→ THE TASK
An exact transcription is needed of the lines below from the one with "作为联合承办单位之一,我院高" through the one with "Митрофанушка характеристика.", with no other lines and no pictures.

==== TASK INPUT ====

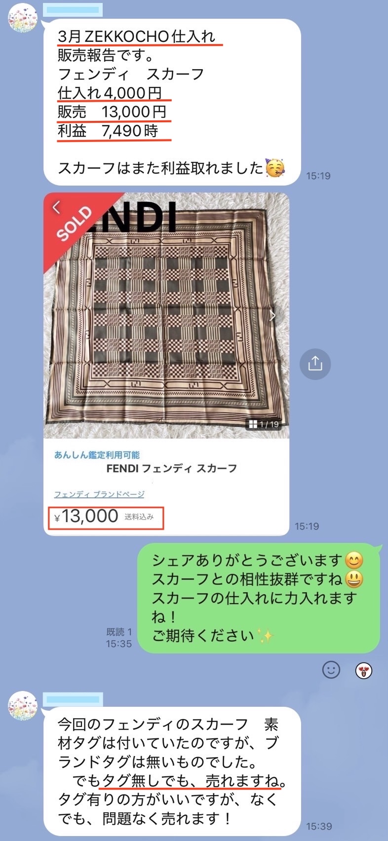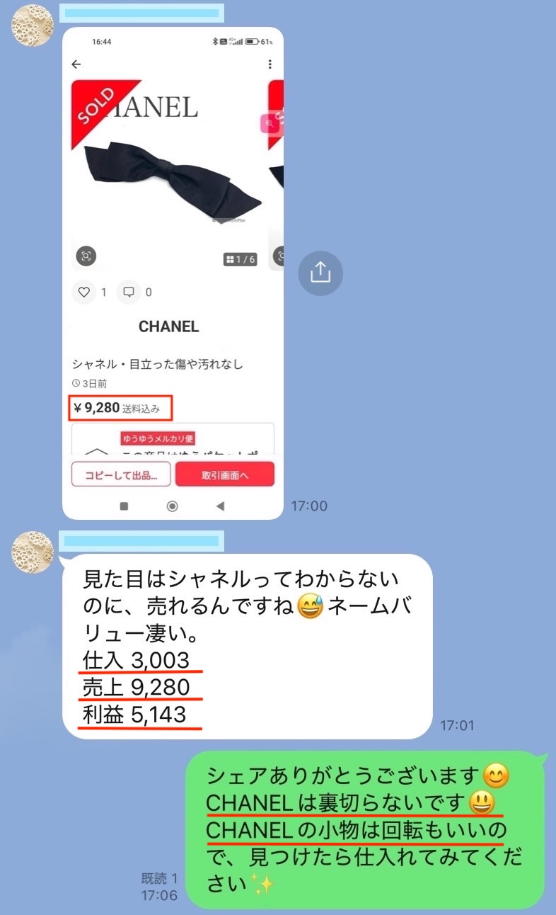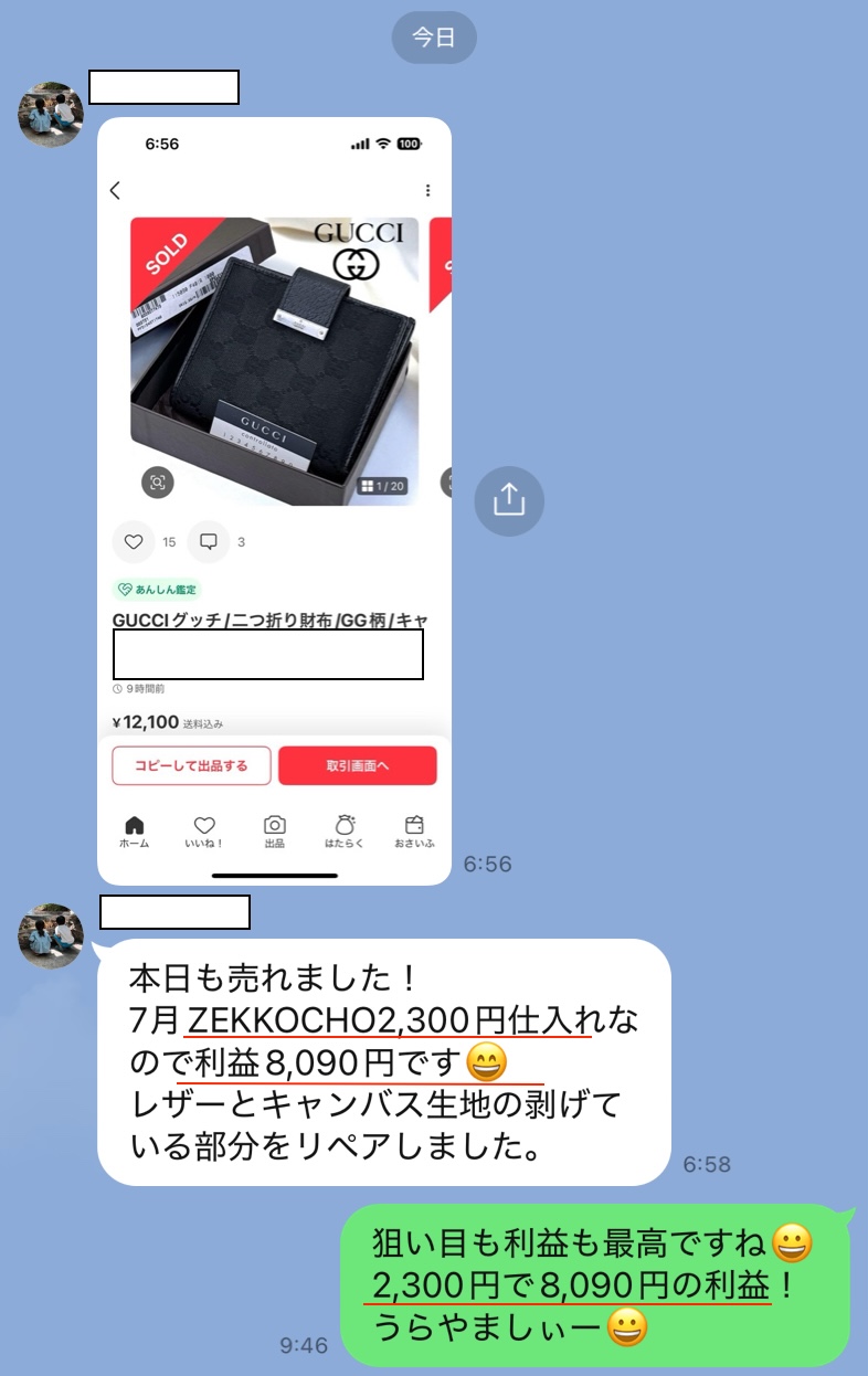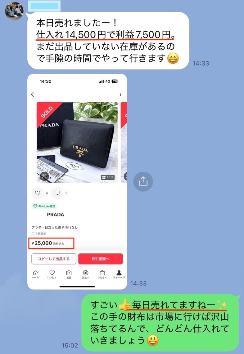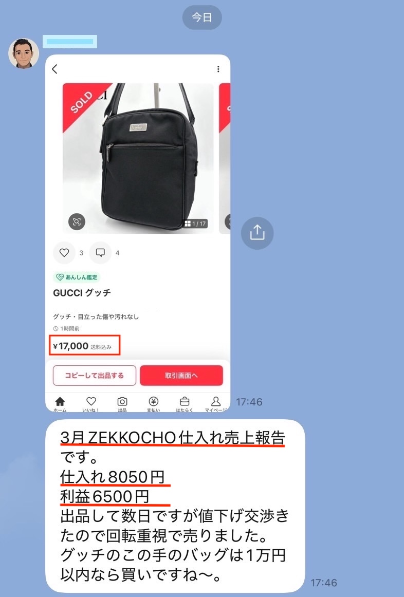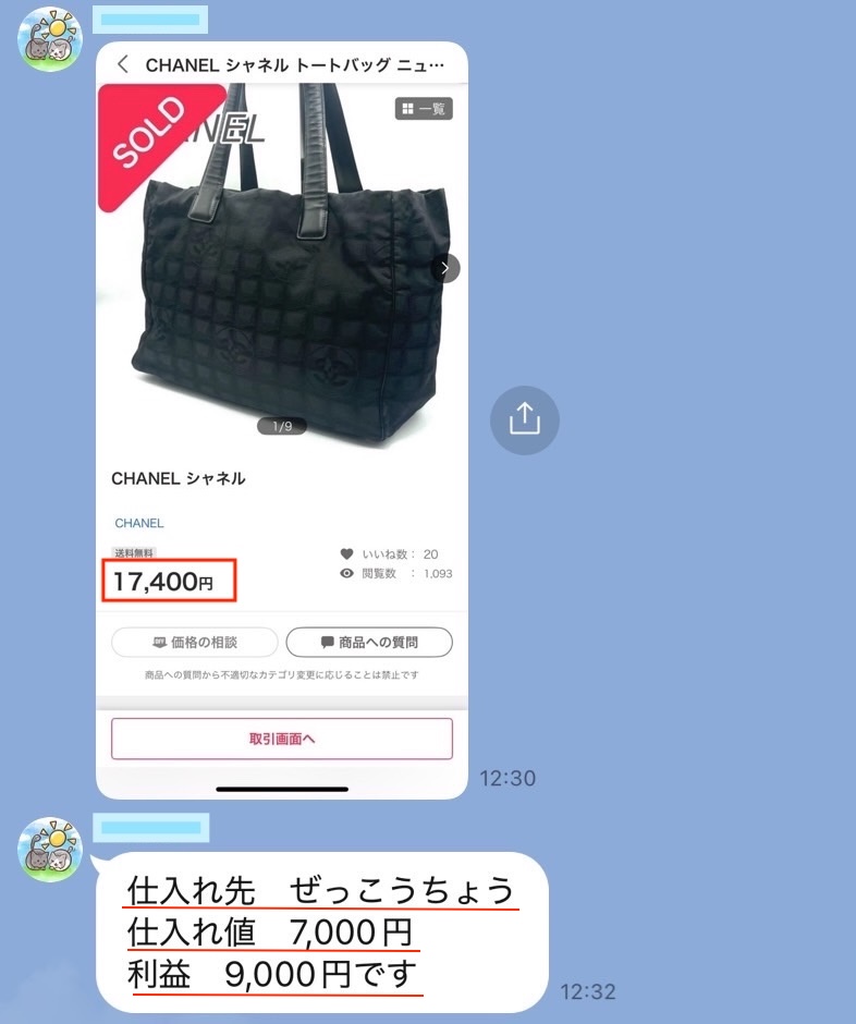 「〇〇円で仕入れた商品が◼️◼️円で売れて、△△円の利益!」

====
==== TASK INPUT ====

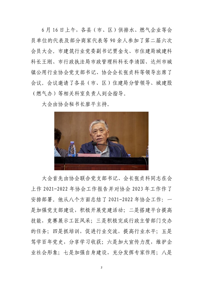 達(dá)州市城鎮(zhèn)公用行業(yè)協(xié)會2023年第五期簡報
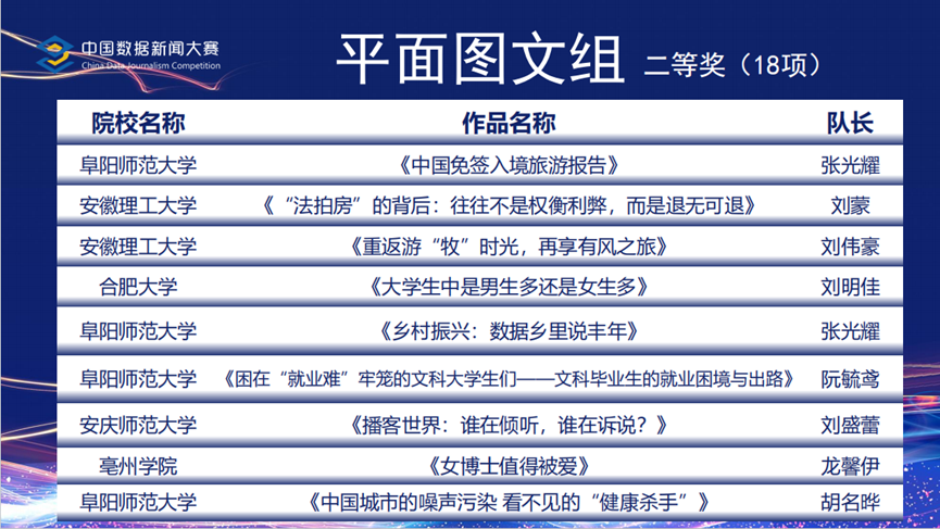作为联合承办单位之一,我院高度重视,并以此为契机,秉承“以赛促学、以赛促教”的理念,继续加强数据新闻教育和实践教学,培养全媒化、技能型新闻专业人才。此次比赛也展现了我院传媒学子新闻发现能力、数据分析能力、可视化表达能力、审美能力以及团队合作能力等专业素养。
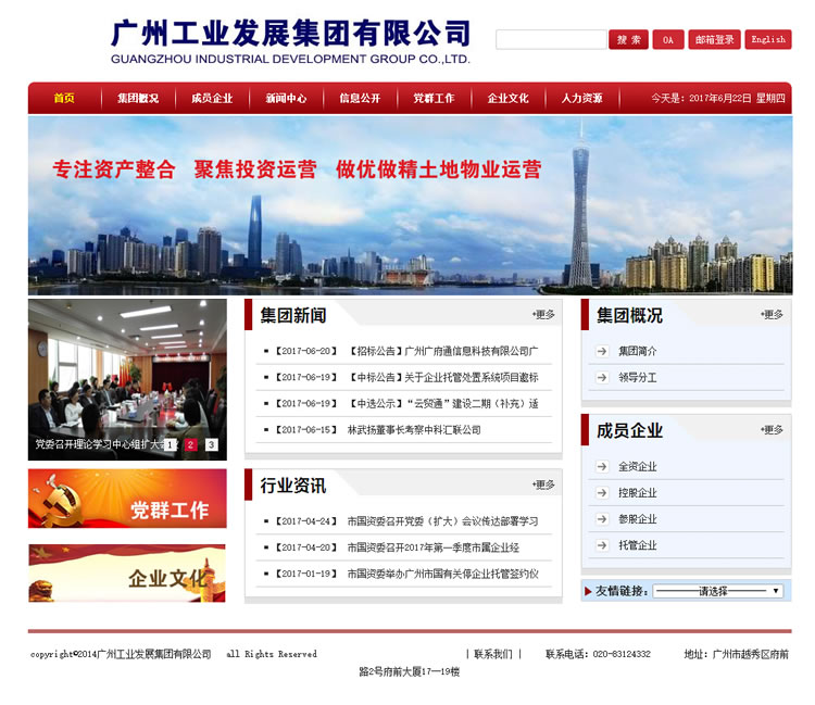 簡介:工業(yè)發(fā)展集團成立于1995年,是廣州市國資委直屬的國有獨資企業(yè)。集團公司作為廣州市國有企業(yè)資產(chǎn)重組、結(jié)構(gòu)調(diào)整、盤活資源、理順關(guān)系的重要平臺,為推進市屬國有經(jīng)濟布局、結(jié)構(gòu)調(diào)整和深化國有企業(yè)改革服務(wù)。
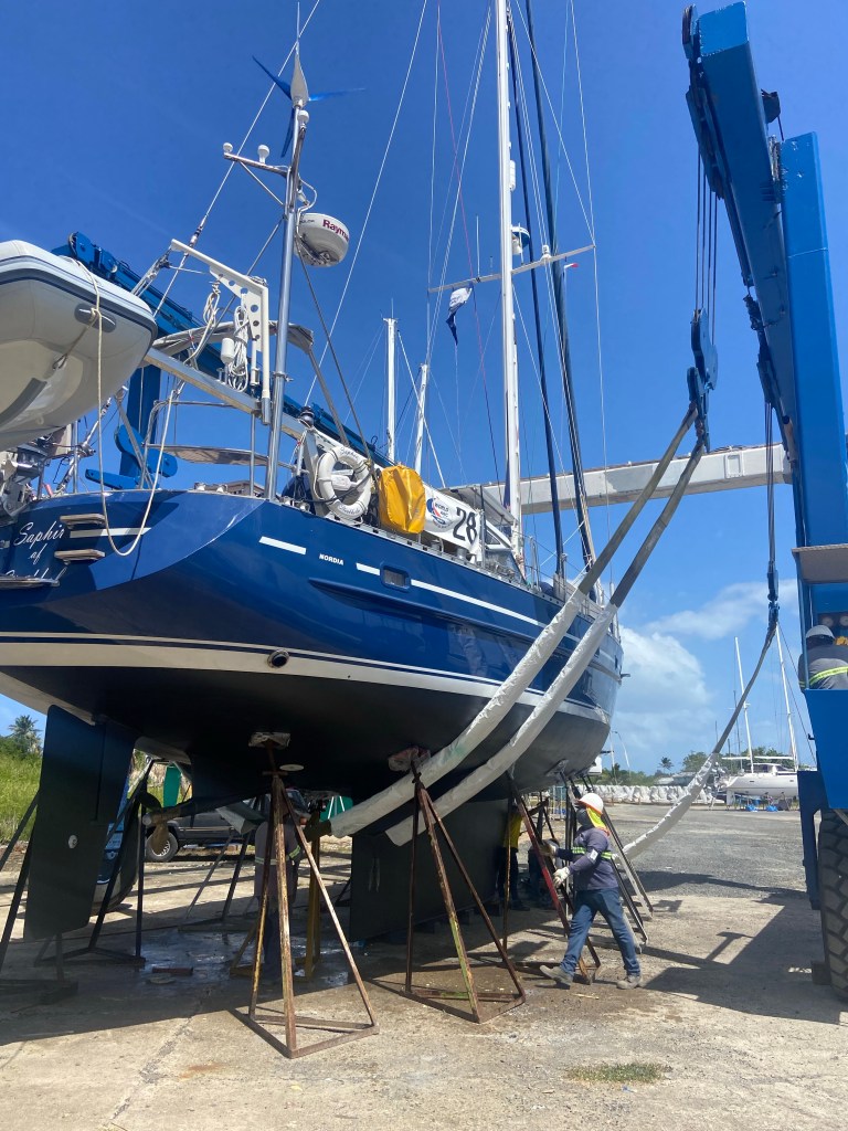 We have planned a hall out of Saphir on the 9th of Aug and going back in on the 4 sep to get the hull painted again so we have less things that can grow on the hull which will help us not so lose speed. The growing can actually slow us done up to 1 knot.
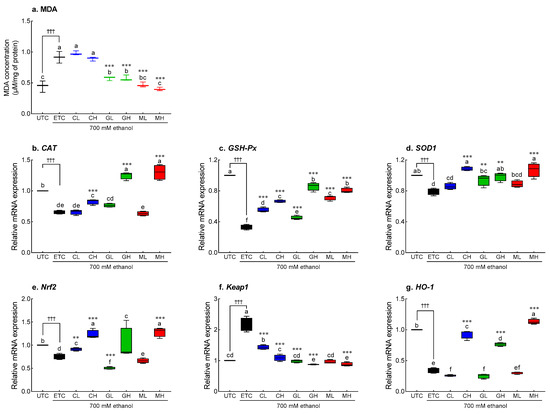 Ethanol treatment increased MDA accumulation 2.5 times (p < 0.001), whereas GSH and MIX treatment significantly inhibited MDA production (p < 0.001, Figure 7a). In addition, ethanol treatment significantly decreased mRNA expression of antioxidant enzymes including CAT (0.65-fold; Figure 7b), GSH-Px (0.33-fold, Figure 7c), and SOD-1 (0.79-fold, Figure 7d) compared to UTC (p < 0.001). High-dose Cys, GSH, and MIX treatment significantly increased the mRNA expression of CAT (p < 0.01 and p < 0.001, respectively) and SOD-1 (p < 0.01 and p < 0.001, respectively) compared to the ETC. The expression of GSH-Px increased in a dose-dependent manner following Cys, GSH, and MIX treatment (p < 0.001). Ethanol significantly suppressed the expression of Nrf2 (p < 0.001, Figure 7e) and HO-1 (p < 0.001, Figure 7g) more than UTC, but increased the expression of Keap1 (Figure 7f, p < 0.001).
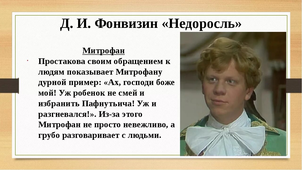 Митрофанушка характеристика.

====
==== TASK INPUT ====

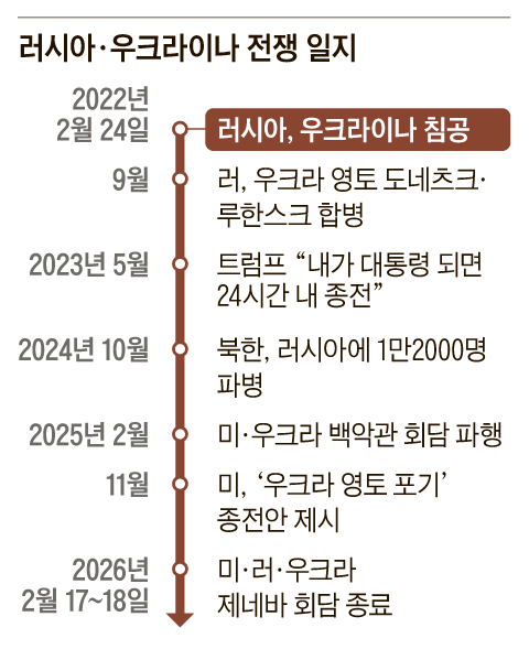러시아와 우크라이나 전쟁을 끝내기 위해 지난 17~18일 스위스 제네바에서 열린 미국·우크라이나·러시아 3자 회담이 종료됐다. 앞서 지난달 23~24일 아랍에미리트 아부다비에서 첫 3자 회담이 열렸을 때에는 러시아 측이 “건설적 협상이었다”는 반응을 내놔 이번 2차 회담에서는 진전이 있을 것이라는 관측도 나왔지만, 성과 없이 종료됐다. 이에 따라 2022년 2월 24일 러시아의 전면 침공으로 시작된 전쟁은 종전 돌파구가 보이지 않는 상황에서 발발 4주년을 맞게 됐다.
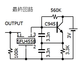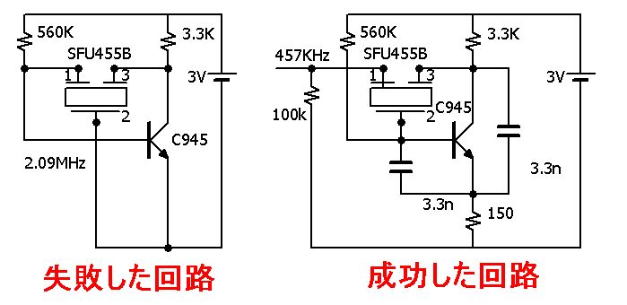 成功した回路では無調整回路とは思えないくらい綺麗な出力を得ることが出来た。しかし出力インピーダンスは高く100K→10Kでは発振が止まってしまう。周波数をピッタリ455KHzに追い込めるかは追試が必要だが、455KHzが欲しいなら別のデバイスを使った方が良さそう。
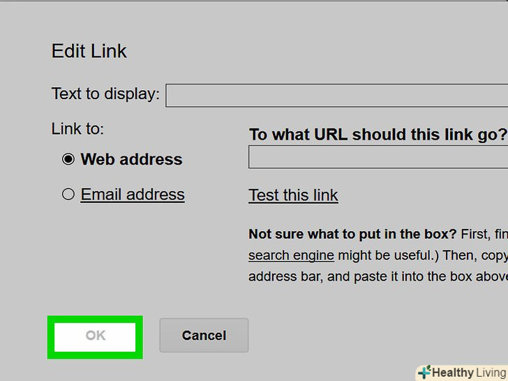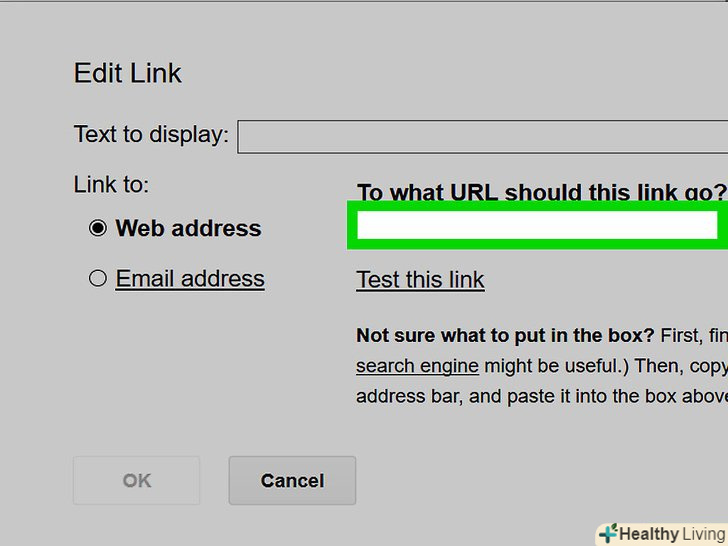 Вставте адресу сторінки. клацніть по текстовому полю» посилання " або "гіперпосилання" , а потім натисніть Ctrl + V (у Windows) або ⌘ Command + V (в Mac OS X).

====

→ PROBLEM SOLUTION
作为联合承办单位之一,我院高度重视,并以此为契机,秉承“以赛促学、以赛促教”的理念,继续加强数据新闻教育和实践教学,培养全媒化、技能型新闻专业人才。此次比赛也展现了我院传媒学子新闻发现能力、数据分析能力、可视化表达能力、审美能力以及团队合作能力等专业素养。
 簡介:工業(yè)發(fā)展集團成立于1995年,是廣州市國資委直屬的國有獨資企業(yè)。集團公司作為廣州市國有企業(yè)資產(chǎn)重組、結(jié)構(gòu)調(diào)整、盤活資源、理順關(guān)系的重要平臺,為推進市屬國有經(jīng)濟布局、結(jié)構(gòu)調(diào)整和深化國有企業(yè)改革服務(wù)。
 We have planned a hall out of Saphir on the 9th of Aug and going back in on the 4 sep to get the hull painted again so we have less things that can grow on the hull which will help us not so lose speed. The growing can actually slow us done up to 1 knot.
 Ethanol treatment increased MDA accumulation 2.5 times (p < 0.001), whereas GSH and MIX treatment significantly inhibited MDA production (p < 0.001, Figure 7a). In addition, ethanol treatment significantly decreased mRNA expression of antioxidant enzymes including CAT (0.65-fold; Figure 7b), GSH-Px (0.33-fold, Figure 7c), and SOD-1 (0.79-fold, Figure 7d) compared to UTC (p < 0.001). High-dose Cys, GSH, and MIX treatment significantly increased the mRNA expression of CAT (p < 0.01 and p < 0.001, respectively) and SOD-1 (p < 0.01 and p < 0.001, respectively) compared to the ETC. The expression of GSH-Px increased in a dose-dependent manner following Cys, GSH, and MIX treatment (p < 0.001). Ethanol significantly suppressed the expression of Nrf2 (p < 0.001, Figure 7e) and HO-1 (p < 0.001, Figure 7g) more than UTC, but increased the expression of Keap1 (Figure 7f, p < 0.001).
 Митрофанушка характеристика.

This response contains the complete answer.